At the Salesforce office in San Francisco, only 200 of the 10,000 staff have gone back in voluntarily since the office reopened last month. The company's CEO has been open-minded about people working from home permanently, and said he expects about half to work remotely full-time after the pandemic.
But half is far more than the two percent who have gone back so far. He hasn't commented yet on the low turnout.
Jamie Dimon, JP Morgan Chase's CEO, has been firm on his position - he wants at least 90 percent of staff back in the office, with only 10 percent or so continuing to work from home. In the case of his company, that account for 25,000 people around the world working remotely, and some 200,000 working in the office.
Morgan Stanely's CEO James Gorman has made some of the straightest remarks yet.
On Monday, he made it plain to the staff from the bank's Times Square office: Get back by Labor Day or there'll be tough conversations.
'I'll be very disappointed if people haven't found their way into the office...then, we'll have a different kind of conversation.
''If you want to get paid New York rates, you work in New York. None of this, "I'm in Colorado and work in New York and am getting paid like I'm sitting in New York City". Sorry, that doesn't work,' Gorman said.
'Make no mistake about it - we do our work inside Morgan Stanley offices, and that's where we teach, that's where our interns learn, that's where you build all the soft cues that go with building a successful career that aren't just about Zoom presentations.

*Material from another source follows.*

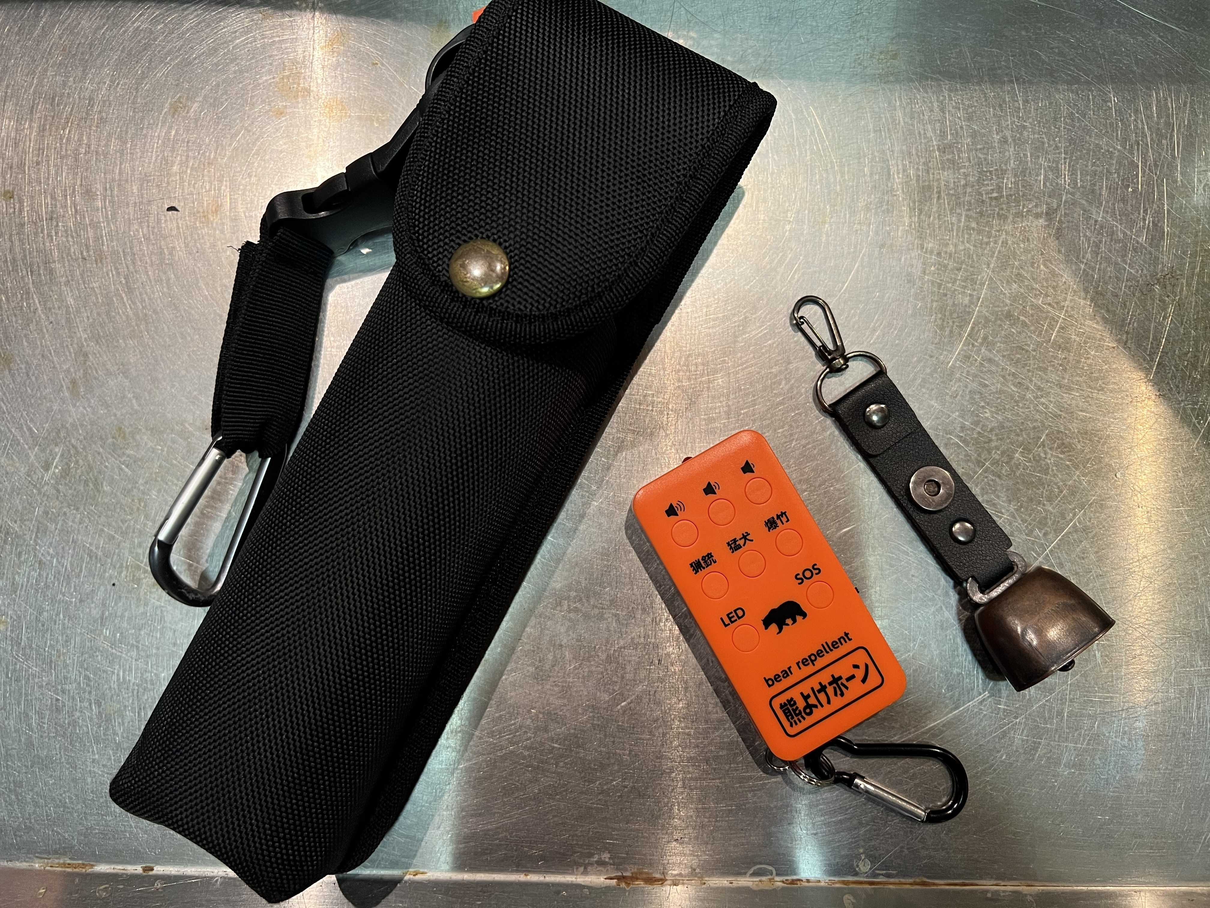 熊鈴・熊除けホーンはもちろん、熊スプレーも持って

'When will that occur? My leadership style has been very deliberate. I went from one day a week from July to Labor Day last year, two days Labor Day until the end of the year, three days the beginning of this year until March and now I am at four days.
'If you can go into a restaurant in New York City, you can come into the office. We want you in the office,' he said.
Facebook CEO Mark Zuckerberg is putting down similar rules for his staff, as is Twitter. Twitter, at first, looked like one of the most flexible workplaces with its announcement that staff would be able to work from home forever if they want to.
The company has long has a pay localization scheme though that is part of CEO Jack Dorsey's plan to decentralize the business.